> [PROBLEM]: With the pictures left out, retype exactly the lines below starting at the line that contains "予選レース(QFレース)はY" and ending at the line that contains "請申請校園地助學貸款和辦理生".

> [DATA PROVIDED]:
◇ ◇ ◇ ◇ ◇ ◇ ◇
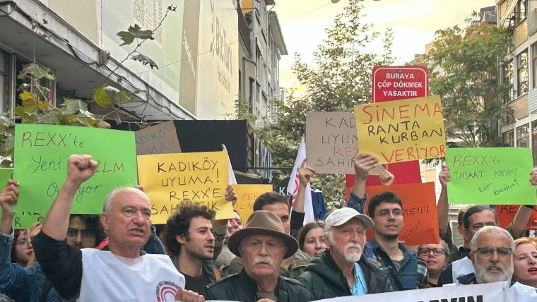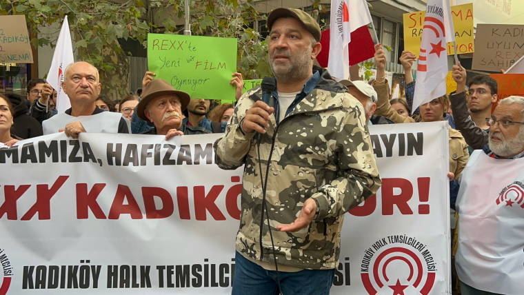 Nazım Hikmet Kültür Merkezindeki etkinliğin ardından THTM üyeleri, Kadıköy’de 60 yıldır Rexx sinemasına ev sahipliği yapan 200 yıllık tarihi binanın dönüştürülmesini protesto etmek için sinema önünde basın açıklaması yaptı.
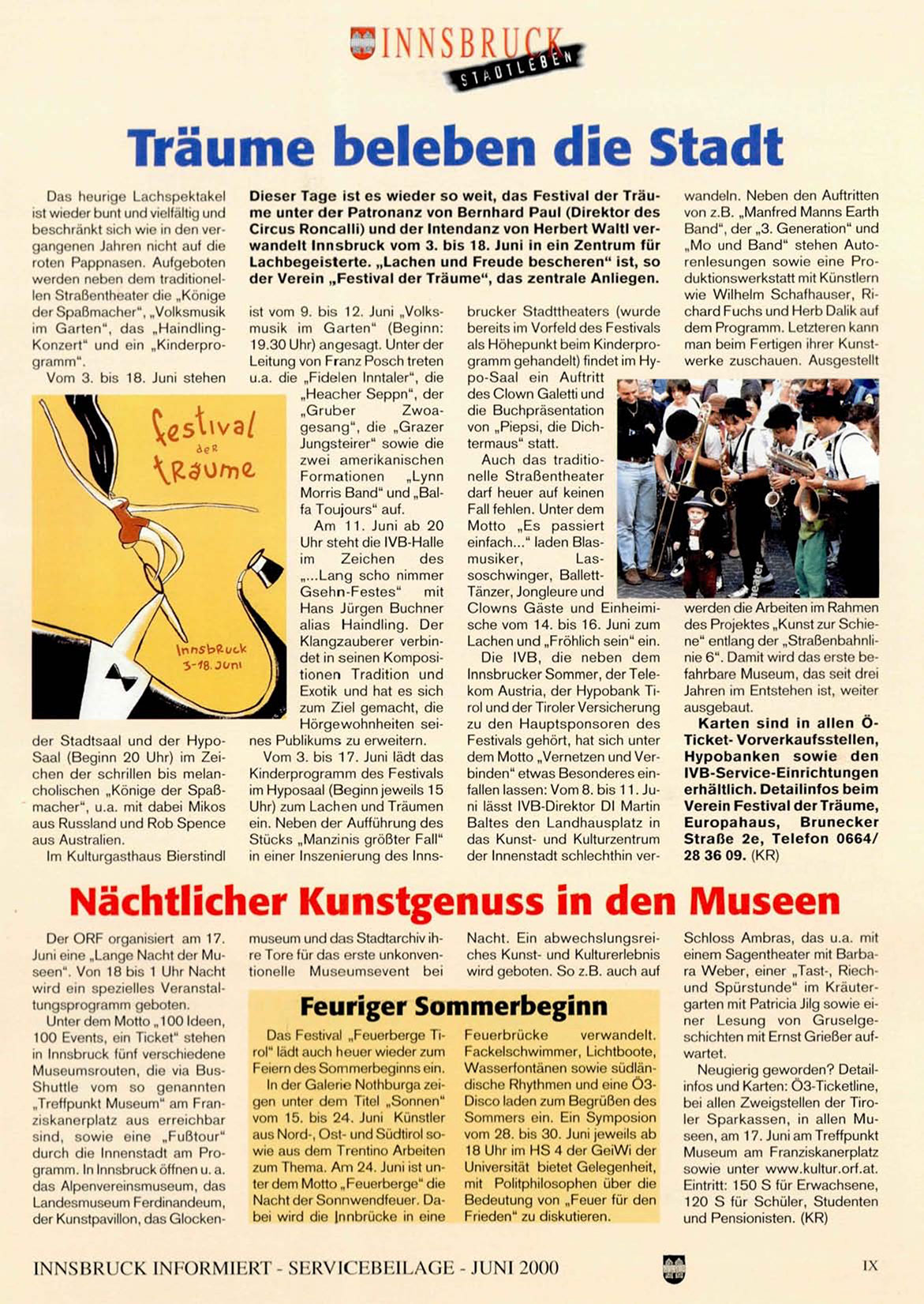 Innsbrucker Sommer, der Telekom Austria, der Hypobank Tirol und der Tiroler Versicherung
◇ ◇ ◇ ◇ ◇ ◇ ◇
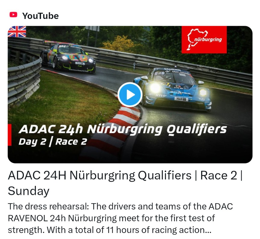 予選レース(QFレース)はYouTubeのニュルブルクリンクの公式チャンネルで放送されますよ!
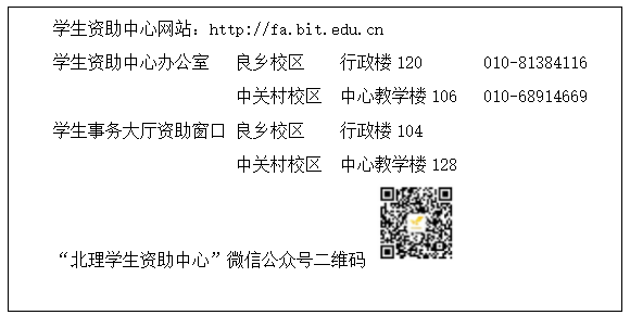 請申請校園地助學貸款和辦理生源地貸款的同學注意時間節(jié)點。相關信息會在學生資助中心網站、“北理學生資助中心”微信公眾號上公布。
◇ ◇ ◇ ◇ ◇ ◇ ◇
> [RESPONSE TO THE EXERCISE]:
 予選レース(QFレース)はYouTubeのニュルブルクリンクの公式チャンネルで放送されますよ!
 請申請校園地助學貸款和辦理生源地貸款的同學注意時間節(jié)點。相關信息會在學生資助中心網站、“北理學生資助中心”微信公眾號上公布。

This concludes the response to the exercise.